Modifiche alla Legge Pinto: oltre al danno, la beffa!

Lucia Polizzi 25/09/12
Il Decreto- legge n. 83 del 22 giugno 2012, convertito in legge n.134/2012, cambia le regole e le procedure della celebre Legge Pinto (L. n. 89/2001), che consente di ottenere un’equa riparazione a chi abbia subito un danno patrimoniale e/o non patrimoniale dall’ingiusta durata di un processo.

Da un lato, la novella legislativa snellisce le modalità di ricorso: decide infatti, con decreto inaudita altera parte, un giudice monocratico di Corte d’Appello su una domanda modellata sulla forma del ricorso per ingiunzione di pagamento.

La riforma introduce inoltre parametri fissi sia sul quantum risarcitorio che sui tempi di durata ragionevole del giudizio : il giudice liquiderà infatti una somma compresa tra 500 euro e 1.500 euro, per ciascun anno o frazione di anno superiore a sei mesi, che eccede il termine ragionevole di durata del processo, e che comunque non potrà mai essere superiore al valore della causa. Invece il danno sarà considerato integrato ed esistente solo se risultino superati i sei anni di durata del giudizio (tre anni in primo grado, due in secondo e uno nel giudizio di legittimità).

Viene ribadito il termine decadenziale della domanda: il ricorso può essere proposto esclusivamente entro sei mesi dal provvedimento giudiziale definitivo che conclude il procedimento, e non sarà più possibile invocare l’equa riparazione in pendenza di giudizio.

Da un’altra angolazione però, le modifiche normative apportate dilatano oltremodo la discrezionalità decisoria del Collegio rispetto alla verifica sulla esistenza stessa del danno. Il giudice infatti , nell’accertare la violazione il giudice valuta :

– la complessità del caso,

– l’oggetto del procedimento,

– il comportamento delle parti e del giudice durante il procedimento nonché quello di ogni altro soggetto chiamato a concorrervi o a contribuire alla sua definizione.

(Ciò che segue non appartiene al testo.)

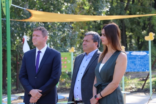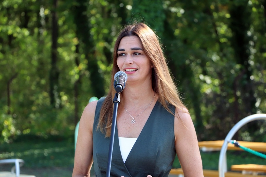 A játszótér építési program jószolgálati nagykövete Drávucz Rita világ és Európa-bajnok olimpikon vízilabdázó is köszöntötte a megjelenteket. Mint érintett szülő hívta fel a figyelmet a fogyatékossággal élők széleskörű integrációjára.

Peraltro, il decreto tipizza i casi in cui non è possibile chiedere e ottenere alcun indennizzo, ossia:

– in favore della parte soccombente condannata a norma dell’art. 96 c.p.c. per lite temeraria,

– nel caso in cui la domanda del ricorrente sia stata accolta in misura non superiore alla proposta conciliativa,

– nel caso in cui il provvedimento che definisce il giudizio corrisponde interamente al contenuto della proposta conciliativa,

– nel caso di estinzione del reato per intervenuta prescrizione connessa a condotte dilatorie della parte; o quando l’imputato non abbia depositato istanza di accelerazione del processo penale nei 30 giorni successivi al superamento dei limiti di durata considerati ragionevoli dall’art 2 bis della legge in discorso;

– e, in via residuale, ogniqualvolta sia constatabile un abuso dei poteri processuali che abbia procrastinato ingiustificatamente i tempi del procedimento.

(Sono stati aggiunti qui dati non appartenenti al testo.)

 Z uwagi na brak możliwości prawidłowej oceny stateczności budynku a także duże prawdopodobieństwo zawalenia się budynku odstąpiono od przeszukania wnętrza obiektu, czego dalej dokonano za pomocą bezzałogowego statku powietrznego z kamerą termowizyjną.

E, dulcis in fundo, al comma 5 quater, si manifesta la beffa: qualora infatti la domanda sia, agli occhi del giudicante, inammissibile o manifestamente infondata, il ricorrente potrà essere condannato al pagamento di una somma non inferiore a 1000 euro e non superiore a 10.000 euro in favore della Cassa delle Ammende!

Tutto “merito” del legislatore italiano, che – con un decreto legge!- è riuscito a trasformare un diritto tutelato dalla Corte europea dei Diritti dell’uomo in un nuovo eventuale introito per le Casse dello Stato!!